= Plan Nord =

Quebec economic development strategy

Plan Nord (meaning 'Plan North' in English) is an economic development strategy launched by the government of Quebec in May 2011 to develop the natural resources extraction sector in the part of Quebec to the north of the 49th parallel. The plan, to be carried out over 25 years, would foster over C$80 billion in energy, mining, and forestry investments and create or consolidate 20,000 jobs a year for the duration. The proposed plan, which has been described as "a potential centrepiece" of Premier Jean Charest's political legacy, has received the full support of the mining industry, the Crees and Inuit representatives but has been met with scepticism and downright opposition by the Innus and most environmentalists.

== Territory==
The territory covered by Plan Nord includes all of Quebec north of the 49th parallel and the Gulf of Saint Lawrence. The 1200000 km2 area includes the Nord-du-Québec region as well as the northern part of Saguenay–Lac-Saint-Jean and most of Côte-Nord. A large part of the territory is governed by the James Bay and Northern Quebec Agreement and the Northeastern Quebec Agreement signed in the 1970s in the context of the James Bay Project.

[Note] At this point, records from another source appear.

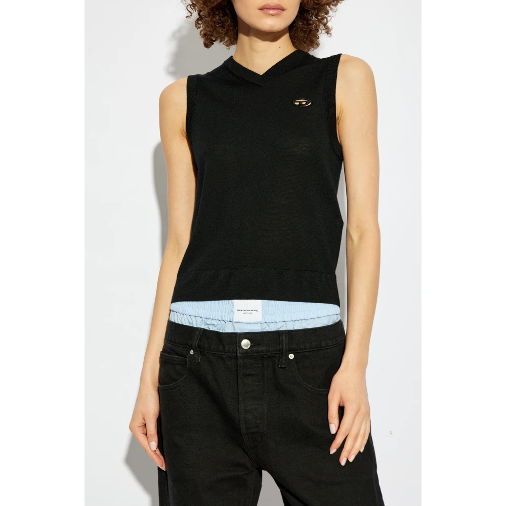 Maak kennis met de M-Aligea Vest van het gerenommeerde Italiaanse merk Diesel, dat al jaren de wereld betovert met zijn exclusieve ontwerpen. Deze zwarte vest, onderdeel van de nieuwste collectie, combineert klassieke stijl met moderne accenten. Gemaakt van de hoogste kwaliteit wol, garandeert het niet alleen comfort, maar ook ongevenaarde elegantie. De mouwloze vest heeft een eenvoudige snit met een V-hals, die de silhouet accentueert. Delicate ribbels op de kraag en mouwen, samen met het subtiele gouden merklogo op de borst, zijn verfijnde details die een verfijnde stijl toevoegen. Waarom ZOU U DIT Product Moeten Kopen? * Veelzijdig karakter - eenvoudig te combineren met veel outfits. * Gemaakt van natuurlijke wol - duurzaamheid en draagcomfort. * Elegante details - gouden logo en subtiele ribbels. * Product van het gerenommeerde merk Diesel, bekend om zijn kwaliteit en innovatieve ontwerp. Model's Afmetingen Hoogte: 177 cm Buste: 83 cm Taille: 61 cm Heupen: 89 cm Model draagt maat: S
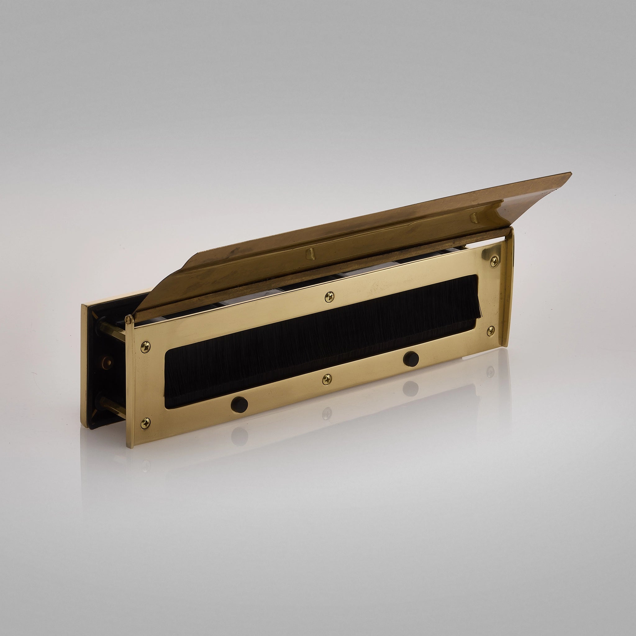 The Hardwick Classic Sleeved Letterbox with "LETTERS" embossed is a premium piece of finest brassware.  The Hardwick letterplate is a perfect solution for timber doors because it creates a fully sealed opening whilst retaining traditional styling.  4x bolt through fixings keeps the letterbox secure on the door.
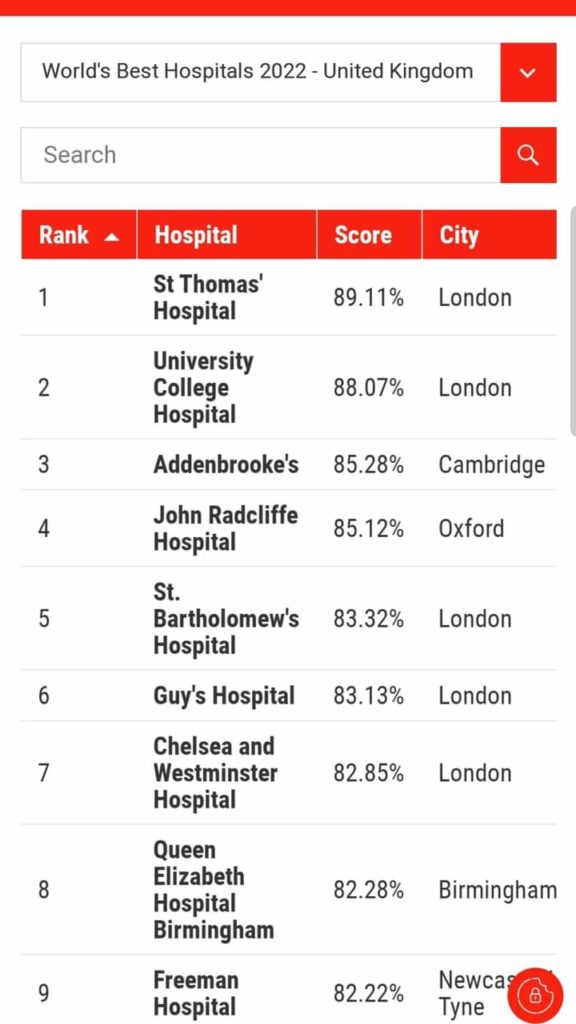 Roxana Hotoboc, medic de urgenţă și fosta șefă a Serviciului de Ambulanță Județean Gorj, a declarat că Spitalul „St. Thomas”, din Londra, ocupă prima poziție în topul celor mai bune spitale din Marea Britanie în 2022.
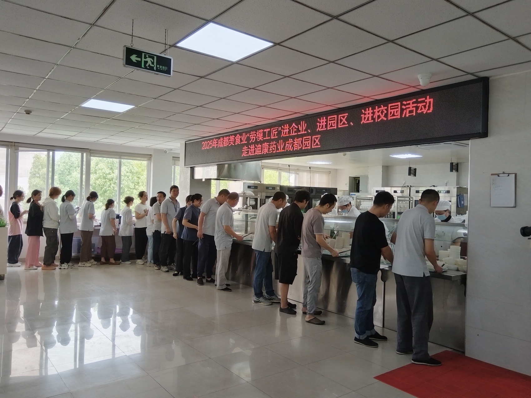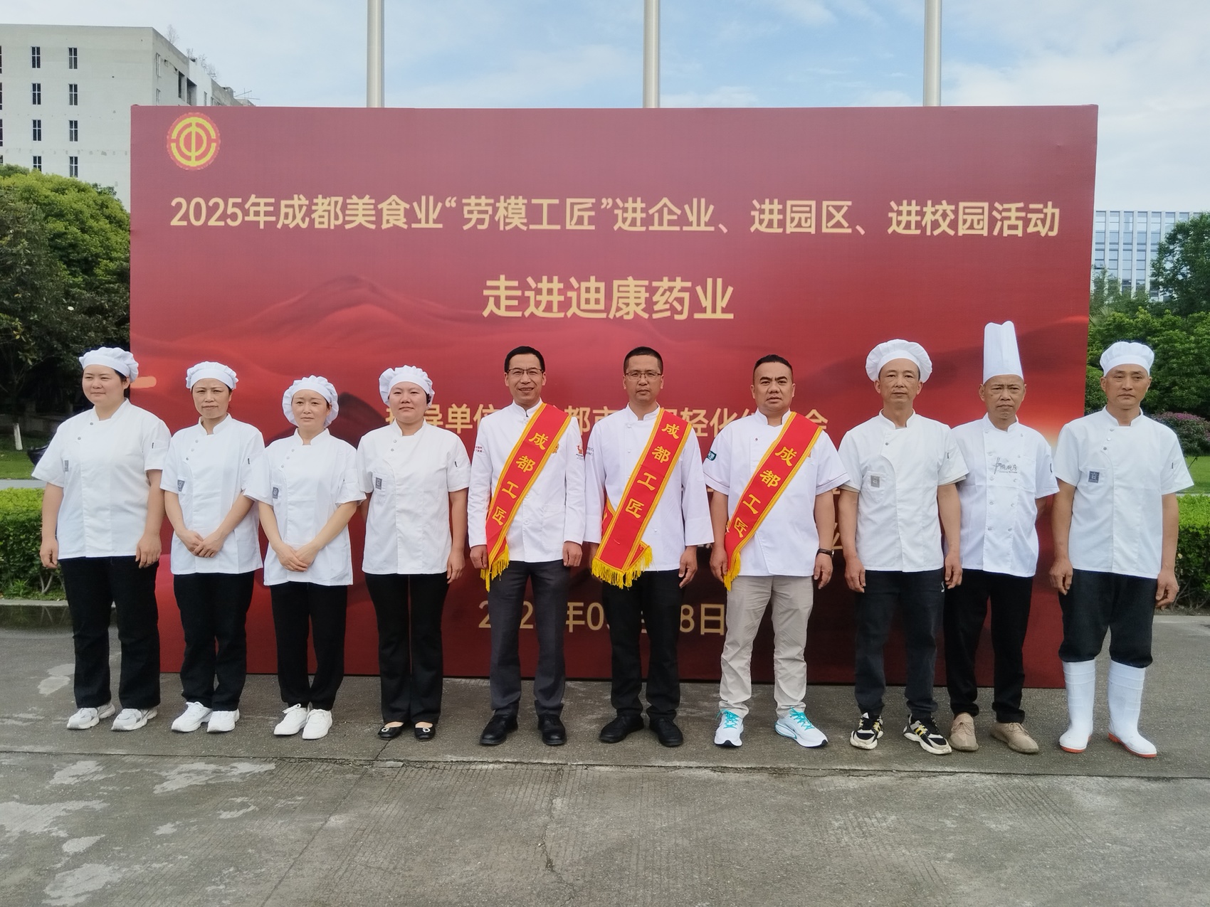 5月8日,由成都市财贸轻化纺工会指导、成都市美食业工会联合会主办的成都美食业“劳模工匠进企业、进园区、进校园”活动走进迪康药业成都园区。成都工匠孙维承、王拥军、王飞携三道匠心菜品入驻企业后厨,通过标准化操作演示、后厨动线优化及营养搭配指导,为园区职工餐食提质注入“烟火温度”。

The Plan Nord territory is 320000 km2 of boreal forest, drawing protests from Innu First Nations members.

While protecting some part of the territory, 60000 km2, the agreement has a clause that allows the protected areas to become available for mining and gas exploitation if such resources are found.

== See also ==
- Jean Charest
- Nitassinan
- Northern Ontario Ring of Fire

== Works cited ==
- Government of Quebec (2011). "Building Northern Québec Together : The Project of a Generation"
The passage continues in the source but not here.